Generate the embedding batch. This downloads Wikipedia abstracts and creates a JSONL file:

dw project run prepare -- -n 10000

Inspect and set the model:

dw files stats batches/batch.jsonl
dw files prepare batches/batch.jsonl --model Qwen/Qwen3-Embedding-8B

Submit the batch and watch progress:

dw batches run batches/batch.jsonl --watch --output-id .batch-id

Download results and build the search index:

dw batches results --from-file .batch-id -o results/embeddings.jsonl
dw project run build-index -- -r results/embeddings.jsonl

Search:

dw project run search -- -q "how do black holes form"

Check what it cost:

dw batches analytics --from-file .batch-id

Sample first, then scale

For a quick test before embedding the full corpus:

dw files sample batches/batch.jsonl -n 100 -o batches/sample.jsonl
dw files prepare batches/sample.jsonl --model Qwen/Qwen3-Embedding-8B
dw batches run batches/sample.jsonl --watch --output-id .batch-id
dw batches results --from-file .batch-id -o results/sample.jsonl

The results/ directory contains the raw embeddings, the built HNSW index, and search metadata.

Limitations

We evaluated on Wikipedia abstracts, which are well-written, information-dense paragraphs. Real-world corpora are messier (product descriptions, support tickets, legal documents), and embedding quality may vary more across models for these domains. The relative ranking of models could shift for domain-specific text.

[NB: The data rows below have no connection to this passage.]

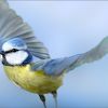 Lieblich süß schaut die Blaumeise im Flug zu uns herüber
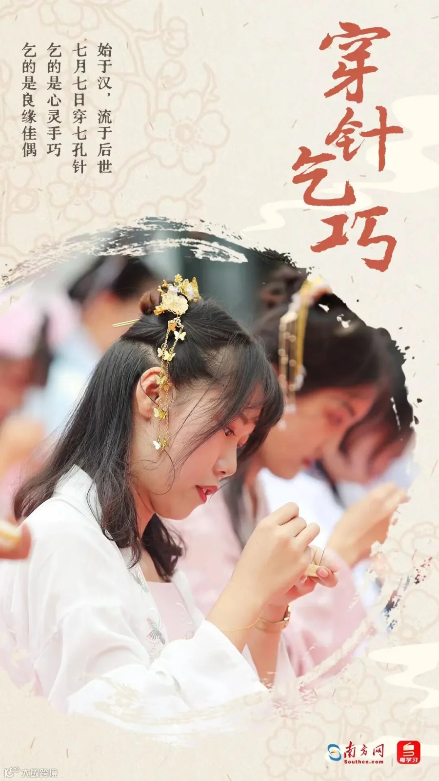 “卜巧”之俗,就是卜问女子将来是笨还是巧。流传最广的当数“穿针乞巧”,也叫“赛巧”。这是最早的乞巧方式,始于汉代,即女子比赛穿针,她们结彩线,穿七孔针,谁穿得越快,就意味着谁乞到的巧越多。穿得慢的称为“输巧”。“输巧”的人要将事先准备好的礼物送给得巧者。
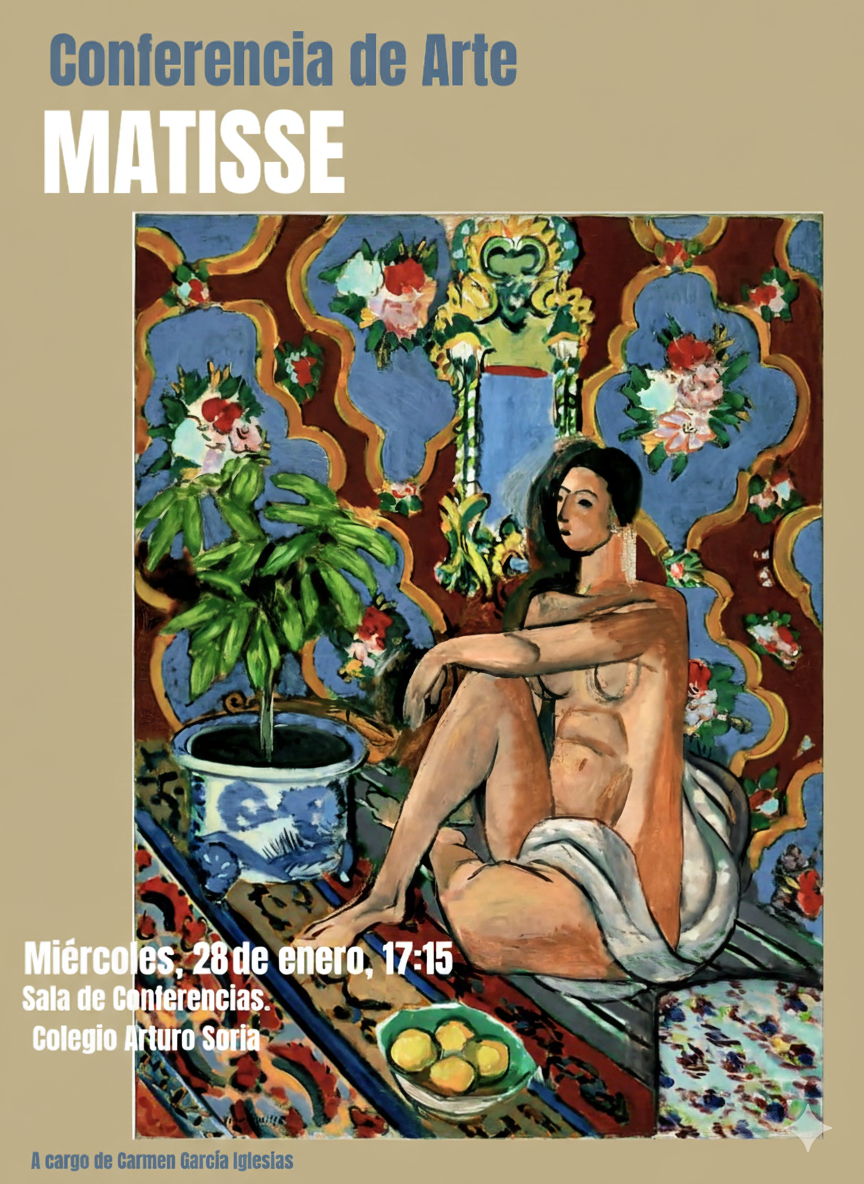 El próximo miércoles 28 de Enero de 2026, a las 17:15 h, contaremos con la presencia de Carmen García Iglesias. La ponente impartirá una conferencia sobre la exposición Chez Matisse: el legado de una nueva pintura, presentada en el CaixaForum del 29 octubre 2025 – 22 febrero 2026
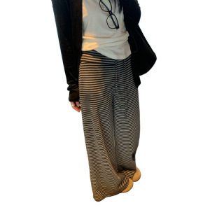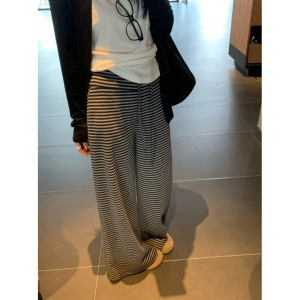 CHAO级推荐!条纹休闲裤女2025秋季爆款百搭显瘦松紧腰直筒阔腿裤
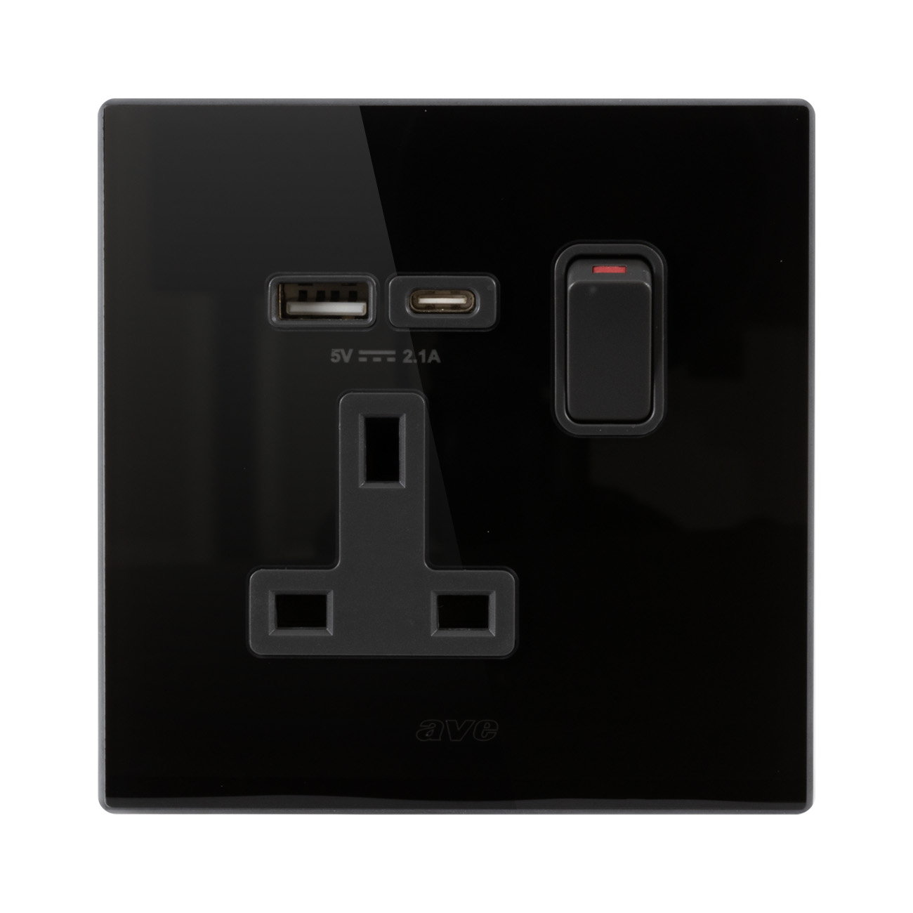 Riferimento Metel: PRESA 13A+INTERR.2P VT NERO USB AC

Our evaluation set of 100 queries is small enough that individual query results can swing the metrics. A more rigorous evaluation would use a standard benchmark like MTEB, but our goal here is demonstrating the batch workflow rather than definitive model comparison.

The HNSW index we build is in-memory, which works fine for 100,000 documents but won't scale to millions. For production systems, you'd use a dedicated vector database (Qdrant, Pinecone, pgvector). The embedding generation workflow remains the same regardless of where you store the vectors.

Conclusion

Embedding large document corpora via batch API makes the per-document cost low enough that re-embedding becomes routine rather than expensive. At Doubleword's batch pricing, you can afford to iterate on chunking strategies, test different embedding models, and re-embed when your corpus changes, all without the cost anxiety that comes with realtime embedding APIs at scale. The search quality is within 3 percentage points of the most expensive option, which for most applications is a tradeoff worth making. The real value isn't in any single embedding run; it's in the freedom to experiment that cheap batch embedding provides.